Glitsky wasn’t going to rise to the bait. “What about the car, though?”

“It was towed from in front of Missy’s apartment.”

“Yes it was. So?”

“So she drove it there.”

“Right. And?”

“And if she died in the Steiner Street house, it would have still been somewhere near Alamo Square, where she had parked it, where the Willises had seen her get into it.”

“No. They said it was Catherine.”

“That’s what they said, but they were wrong. It was Missy all right. At least I assumed it had to be. It couldn’t have been anybody else, really. But I wasn’t completely sure until I talked to Yamashiru, then found Dr. Lee and went by his place last night and showed him the picture. Actually, I had some more family snapshots of Missy, too, and Yamashiru didn’t recognize any of them. I just wanted to pin Yamashiru down before Cuneo got him to ‘remember’ seeing Missy around the office.”

“And if she wasn’t the one in the fire,” Glitsky said, “she
couldn’t have been the one he identified from the dental records.”

“Exactly right.”

“So she did it. Missy.”

“That’s the money bet,” Hardy said. “Then she split with the money.”

“You have any idea why?”

“I thought I’d leave something for you to figure out. That’s police work. As you are no doubt aware, I deal only in the realm of exalted and abstract thought.”
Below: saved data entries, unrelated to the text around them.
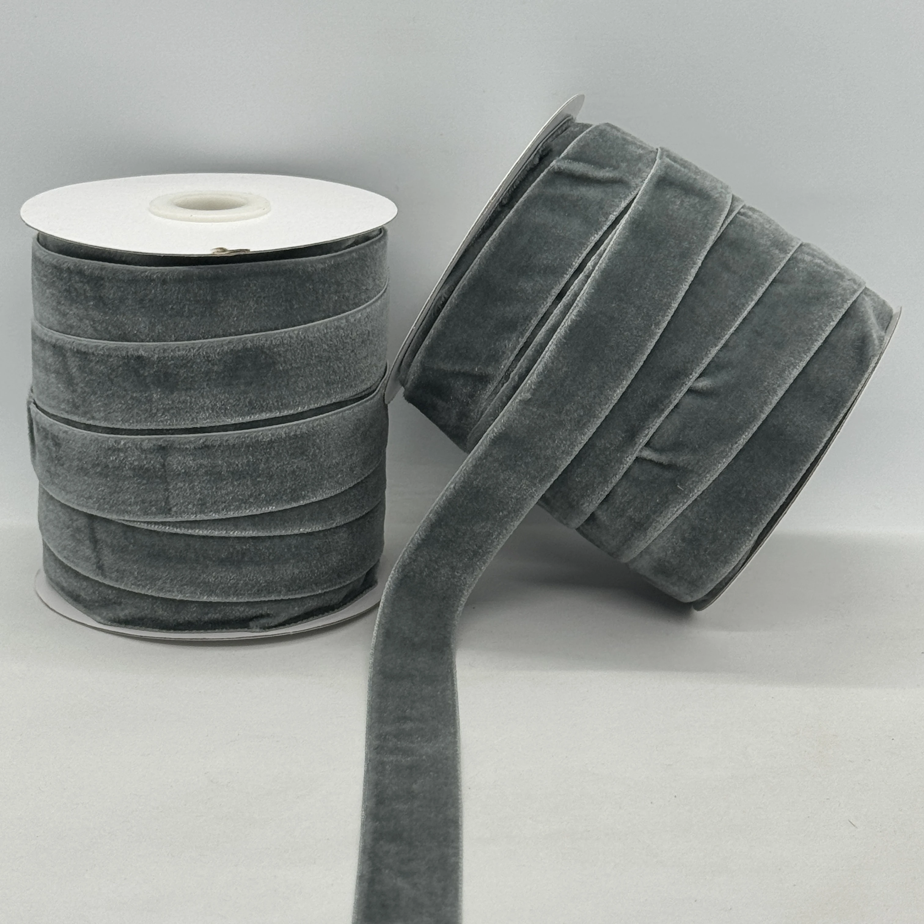 Стрічка оксамит 2 см (25 ярдів/22,75 м.), 63 темний сірий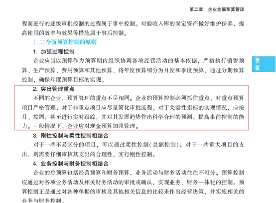 【点评】本题考核“预算控制原则”知识点。该题目所涉及知识点在下列正保会计网校(www.fawtography.com)2023年高级职称《高级会计实务》辅导中均有体现:2023年高级会计实务《应试指南》P84的2-17,2023年高级会计实务《经典案例分析》P55的(二)全面预算控制的原则,2023年高级会计实务《全真模拟试卷》P89的第2题。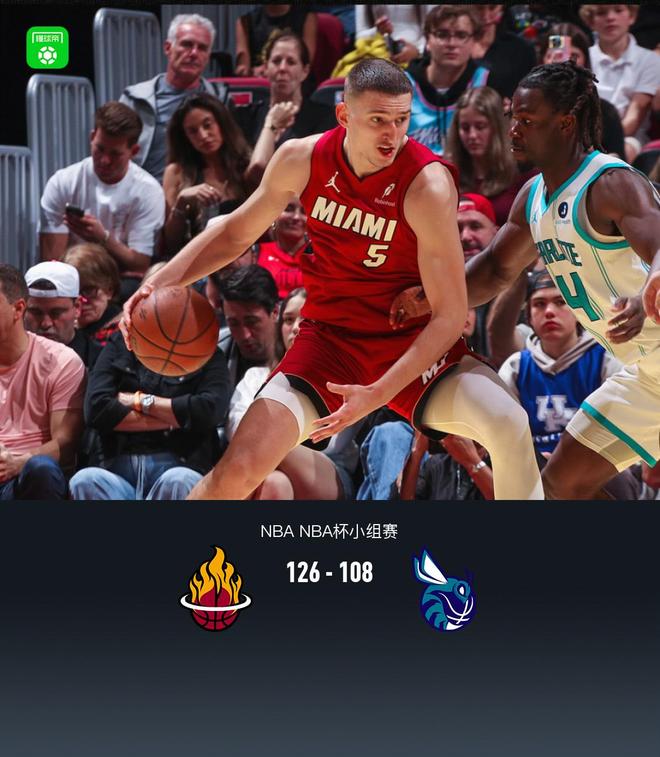 北京时间11月8日NBA NBA杯小组赛,迈阿密热火对阵夏洛特黄蜂。半场热火72-69黄蜂,最终热火126-108黄蜂。迈阿密热火诺曼-鲍威尔25分4板3助,维金斯22分3板3助;夏洛特黄蜂克努佩尔30分8板3助,特雷-曼20分9板7助。赛况第一节热火诺曼-鲍威尔拿下11分,黄蜂特雷-曼拿下13分,首节战罢热火53-33领先黄蜂第二节热火维金斯拿下7分,黄蜂克努佩尔拿下14分,半场结束热火72-69领先黄蜂第三节热火诺曼-鲍威尔拿下8分,黄蜂迈尔斯-布里奇斯拿下6分,第三节结束热火94-88领先黄蜂第四节热火哈克斯拿下8分,黄蜂克努佩尔拿下9分,最终热火126-108战胜黄蜂球员全场数据迈阿密热火诺曼-鲍威尔25分4板3助,维金斯22分3板3助1断1帽,拉尔森20分4板2助1断;夏洛特黄蜂克努佩尔30分8板3助1断1帽,特雷-曼20分9板7助1断,迈尔斯-布里奇斯14分12板7助1帽。首发阵容迈阿密热火:诺曼-鲍威尔,维金斯,拉尔森,达维昂-米切尔,凯尔-韦尔;夏洛特黄蜂:克努佩尔,特雷-曼,迈尔斯-布里奇斯,赛恩-詹姆斯,卡尔克布伦纳。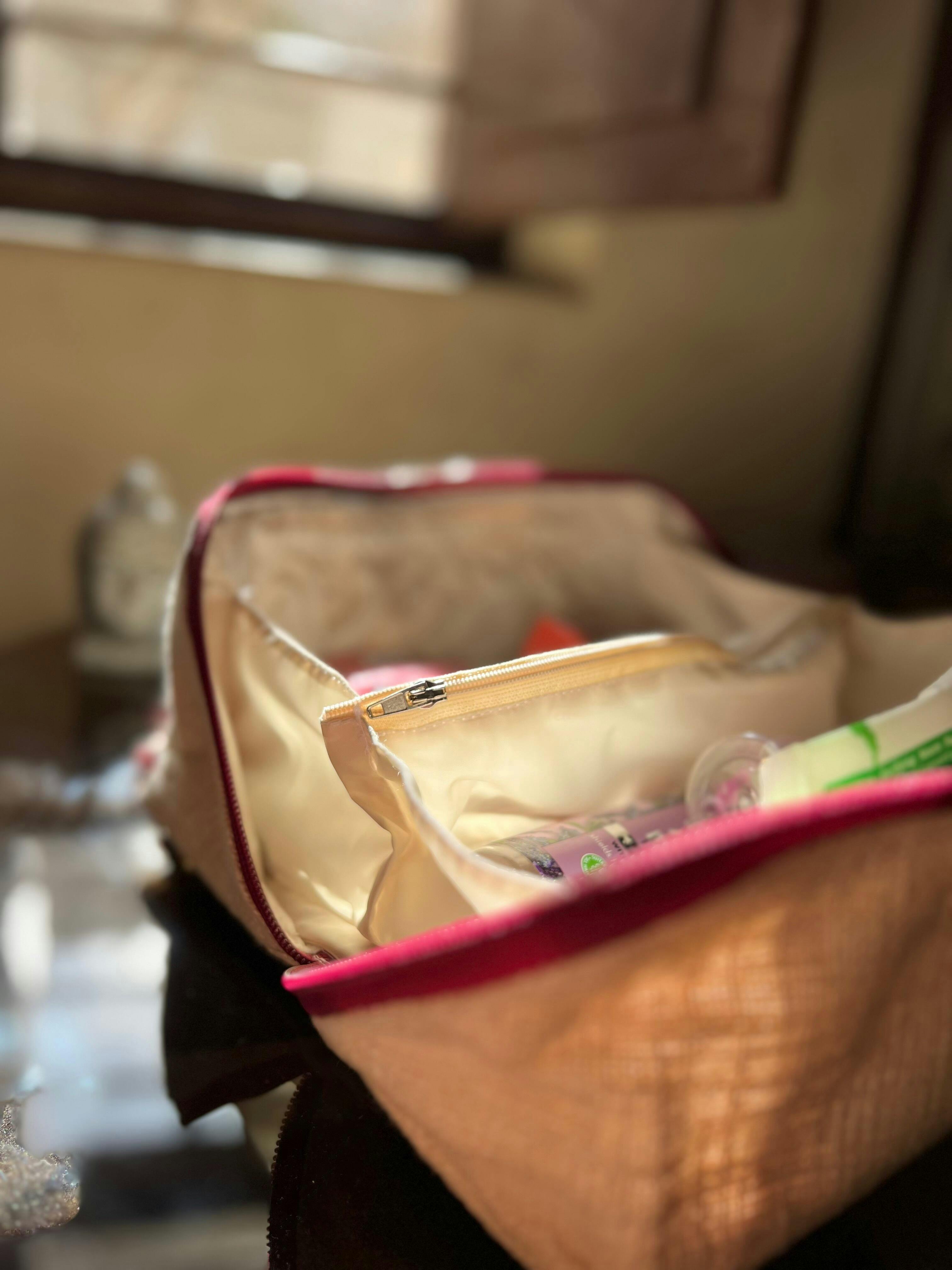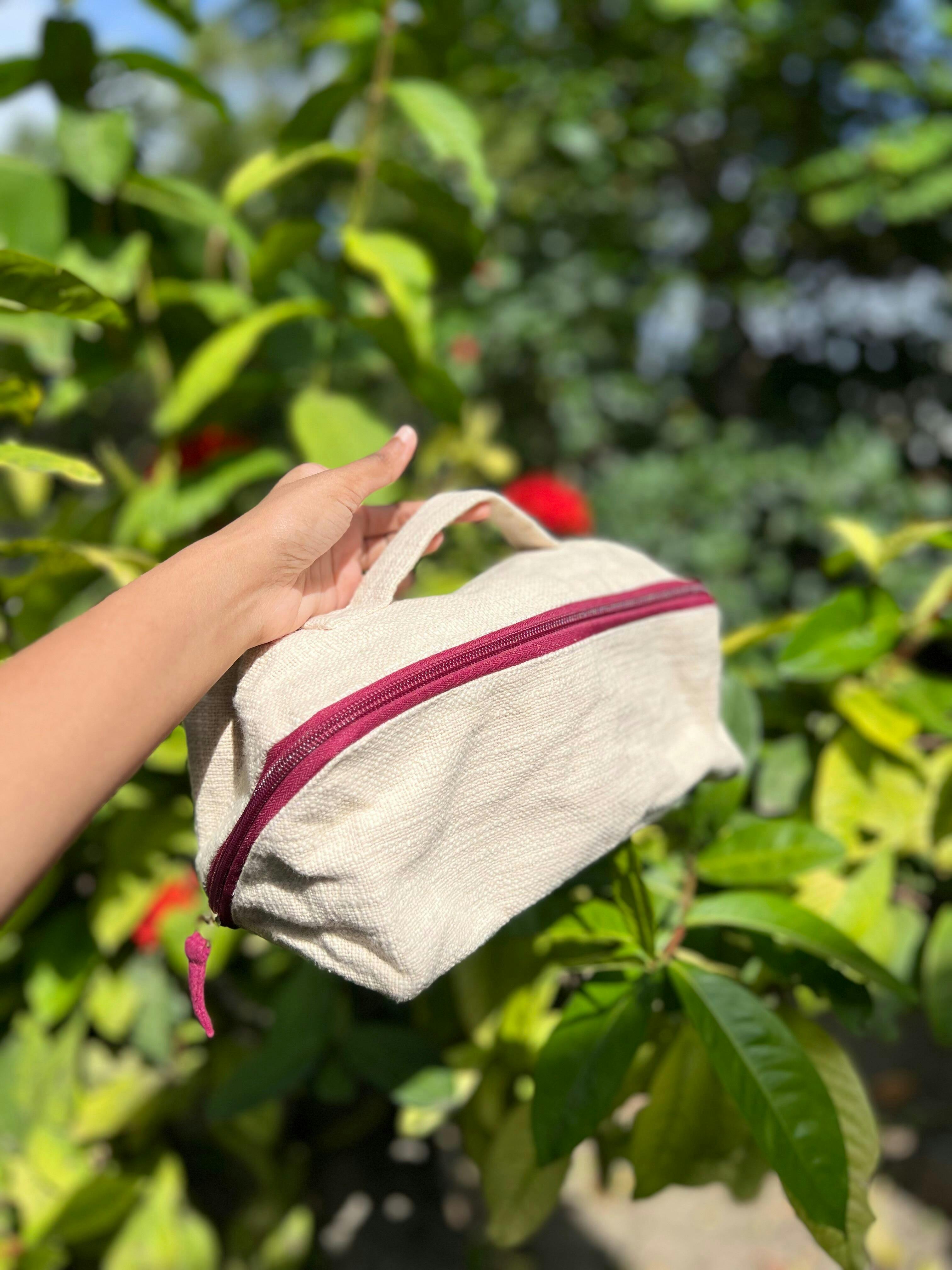 Meet your new favorite travel companion our flat lay pouch, the ideal makeup and toiletry organizer crafted from sustainable cotton slub fabric. With thoughtfully designed internal compartments and a smooth zip closure, it keeps your brushes, skincare, and beauty essentials neatly in place.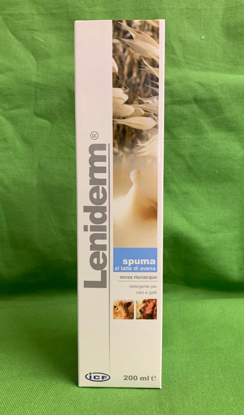 Leniderm spuma al latte di avena lava e rinfresca velocemente ed efficacemente senpa impiego di acqua.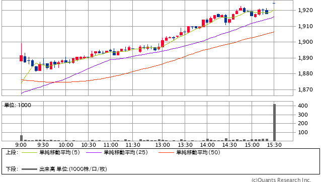 前日終値 1870円 → 本日終値 1924.5円 -4183円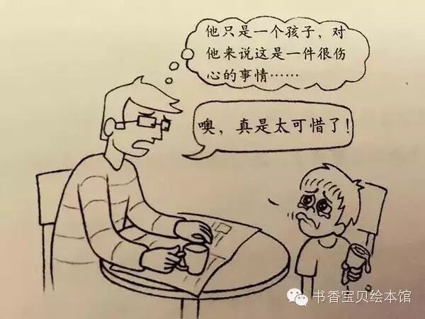 孩子仍然很伤心,爸爸给了更多的同情和理解;爸爸的话,让孩子觉得自己获得了重视和理解,所以悲伤情绪没有加重,而是思考该怎么才能改善目前的情况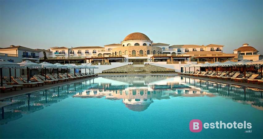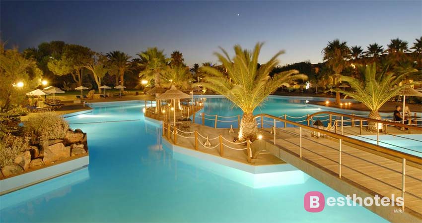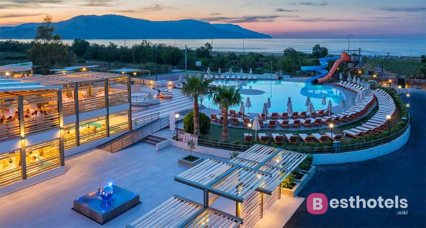 Выбор номера подразумевает виды красотами сада, который находиться на территории и бурными красками прилегающей местности. Кормят тут в наилучших обыкновениях доброжелательного Крита. В комплексе множество мест, где вы сможете утолить свою жажду и голод, от пышного ресторана, до оригинально оформленных баров, в которых в вечернее время протекают живые выступления лучших артистов различных жанров. В местном спа-центре предлагаются косметические услуги по новейшим японским технологиям. Пока ваши дети развлекаются на игровых площадках и плескаются в бассейне вы можете посетить тренажерный зал, где квалифицированные инструкторы ежедневно проводят групповые занятия. На небольшом расстоянии есть дивный песочный пляж, находящихся в объятьях песчаных белоснежных дюн. Вода настолько чистая и прозрачная, что создаётся ощущение, что плывешь по воздуху.
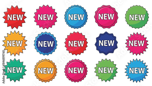 Collection of vibrant starburst badges with the word NEW for various promotional uses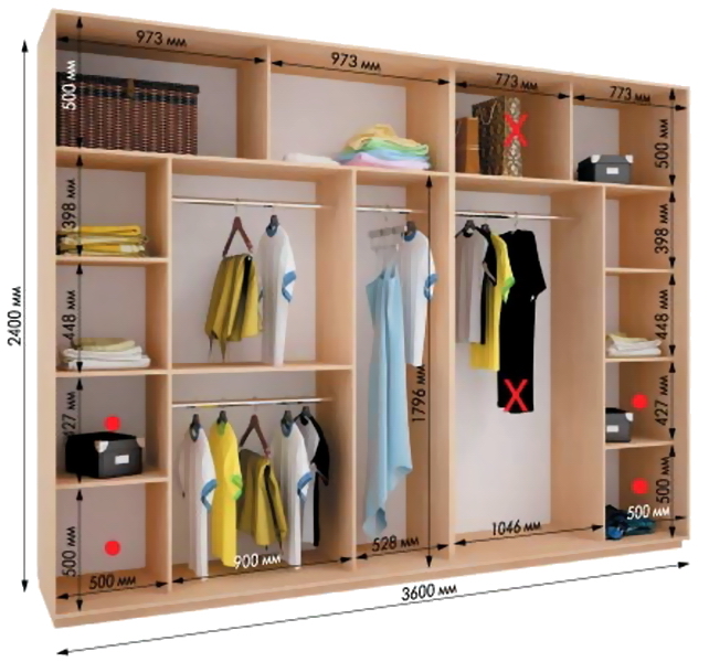 Четырёхдверный шкаф-купе 3600*600*2400мм.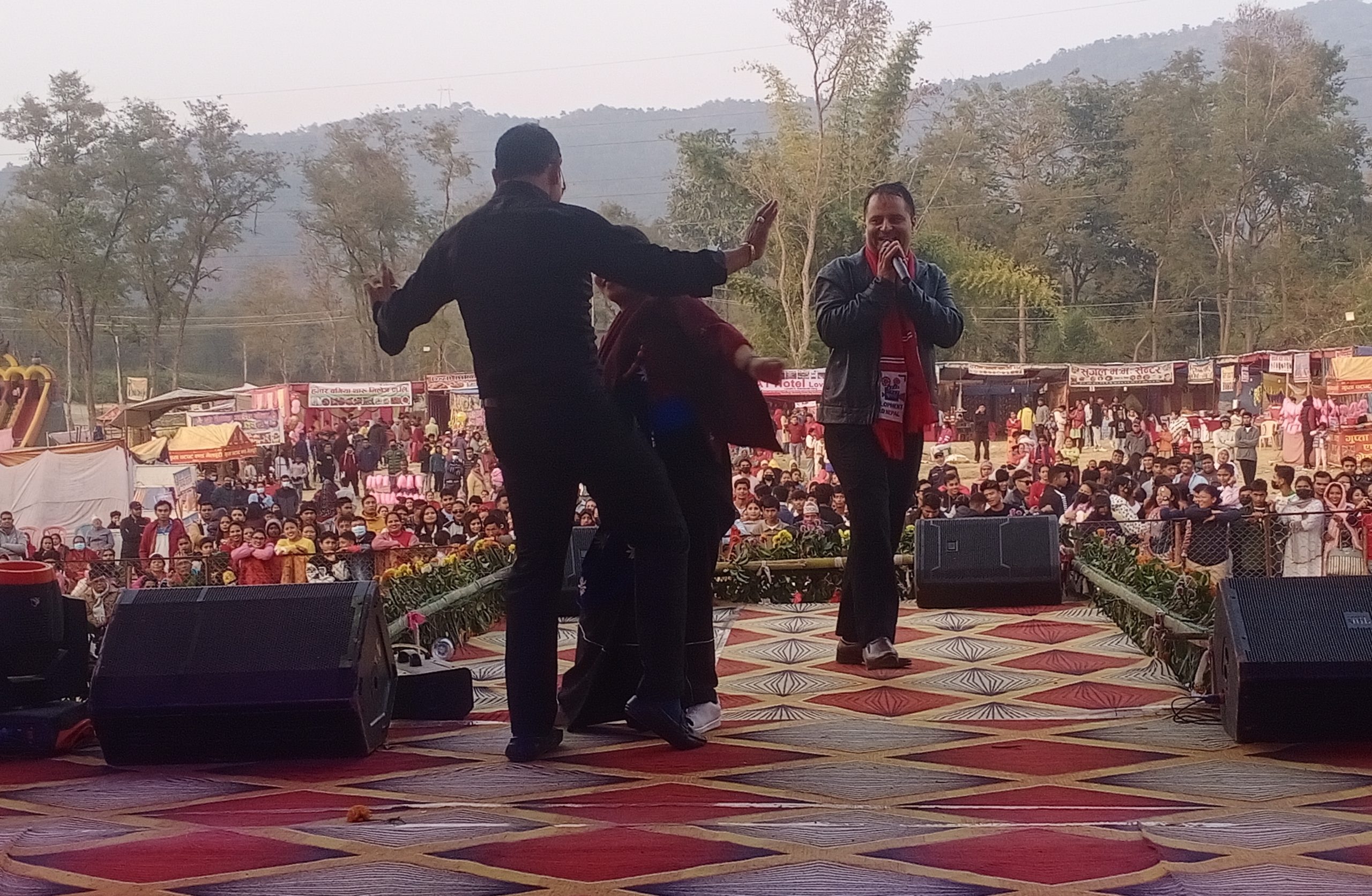 दाङ । लमहीमा संचालन रहेको दोस्रो कृषि,पर्यटन,उद्योग तथा व्यापारी महोत्सव २०८० को दोस्रो दिन लोक दोहोरी गायक चन्द्र शर्मा र भुमिका गिरीले आफ्नो प्रस्तुतिद्वारा दर्शनकालाई भरपुर मनोरञ्जन दिएका छन् । महोत्सवको दोस्रो दिनको पहिलो प्रस्तुतिमा लोक दोहोरी गायक चन्द्र शर्माले बाच्छीले धान खायो,उखु गुलीयो,चरीले गुड सार्यो लगायत एक दर्जन बढी सांगितिक प्रस्तुति प्रस्तुत गर्नु भएको […]

Glitsky couldn’t fault him for crowing a little. He figured he’d earned the right. “So where’s it at now?” he asked. “The directed verdict?”

“Braun’s deciding. Technically, she shouldn’t grant it. The motion only goes to the people’s case, and whether that evidence alone could support a verdict. Yamashiru has only said he doesn’t really know if the photo belongs with the records in his office. Those records are in the alleged victim’s name and Dr. Lee hasn’t testified yet. But everybody knows what’s coming, and Braun’s so pissed at Rosen and Cuneo she might just pull the trigger. And whether she grants the motion or not, the jury’s got to believe the police investigation was totally inept if not completely contrived.”